Герцен не обошел своим вниманием и социалистов-утопистов. Именно знакомство на месте, во Франции, с условиями жизни страны, ее классовой борьбой породило критическое отношение Искандера к утопистам. Герцен уже в 1847 году хотя еще смутно, но начинает понимать, какую роль в жизни общества играет экономика. Правда, ои еще часто подменяет ее психологией. Но в "Письмах" Герцен называет утопистов "людьми какого-то дальнего идеала, едва виднеющегося в будущем". "Люди, смелые на критику, — были слабы на создание; все фантастические утопии двадцати последних годов проскользнули мимо ушей народа; у народа есть реальный такт, по которому он, слушая, бессознательно качает головой и не доверяет отвлеченным утопиям до тех пор, пока они не выработаны, не близки к делу, не национальны, не полны религией и поэзией". "Религия и поэзия" — эти слова свидетельствуют о непоследовательности Герцена. Непоследователен Герцен и в оценке современного положения Европы. То он пишет, что "будущности для буржуазии… нет. Она теперь уже чувствует в своей груди начало и тоску смертельной болезни, которая непременно сведет ее в могилу". И вдруг: "… безнадежного, отчаянного ничего нет…" "Франция еще изворотится без радикальных средств, землетрясения, небесного огня, потопа, мора…" Это те добрые пожелания, тот неоправданный оптимизм, который, потерпев крушение в 1848 году, приведет Герцена к духовной драме.

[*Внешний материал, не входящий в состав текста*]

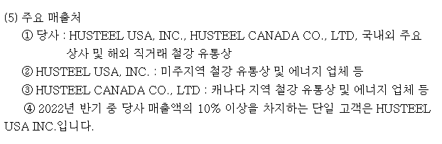 휴스틸의 주요 해외매출처를 보시면 미주지역과 캐나다 지역 철강 유통상을 판매하고 있습니다. 미주지역은 고유가 영향으로 상반기까지는 철강시황 상승세가 지속되고 있습니다. 하지만 하반기의 경우 원재료 단가 하락 등으로 인하여 상승세가 꺾일 것으로 예상하고 있습니다.

Друзьям в Москве (во всяком случае, многим) казалось, что "Письма" просто шалость пера. Но они жестоко ошибались. Письма способствовали еще большему размежеванию в среде старых московских единомышленников. Действительно, стоило ли Боткину негодовать, если бы это было действительно шалостью? А вот Белинский горой встал на защиту Герцена. В 1847 году Виссарион Григорьевич был уже на последнем пороге жизни. Чахотка. На деньги друзей он уехал лечиться в Зальцбрунн. В начале июня Анненков поспешил туда же. Павел Васильевич писал, что Виссарион "не в отчаянном положении" и что он, Анненков, собирается захватить Белинского в Париж, чтобы показать его здесь лучшим врачам.

Вечером 29 июля 1847 года в сопровождении Анненкова в Париж приехал Белинский. Он остановился в отеле Мишо. Лишь только Герцен узнал о прибытии Белинского, он тотчас помчался в отель и услышал, как Белинский выговаривает Анненкову за то, что тот отказывается немедля свести его к Герцену, так как критик устал.

Едва завидев Герцена, Виссарион Григорьевич с места в карьер сообщил ему о полученном им от Гоголя вызове. И тут же прочел черновик своего ответа. "Во все время чтения уже знакомого мне, — рассказывает Анненков, — письма я был в соседней комнате, куда, улучив минуту, Г. шмыгнул, чтобы сказать мне на ухо; "Это — гениальная вещь, да это, кажется, и завещание его".

Еще до приезда Белинского Герцен в нервом "Письме из Avenue Marigny" затрагивает очень важный для его русских друзей, да и противников тоже, вопрос — в какой мере передовые русские люди являются наследниками и восприемниками передовых идей Запада? И уготовлен ли России буржуазный путь развития, подобный тому, каким идет Европа? На эти вопросы Герцен не дает еще ответов. Но уже сама их постановка вызвала среди московских друзей споры.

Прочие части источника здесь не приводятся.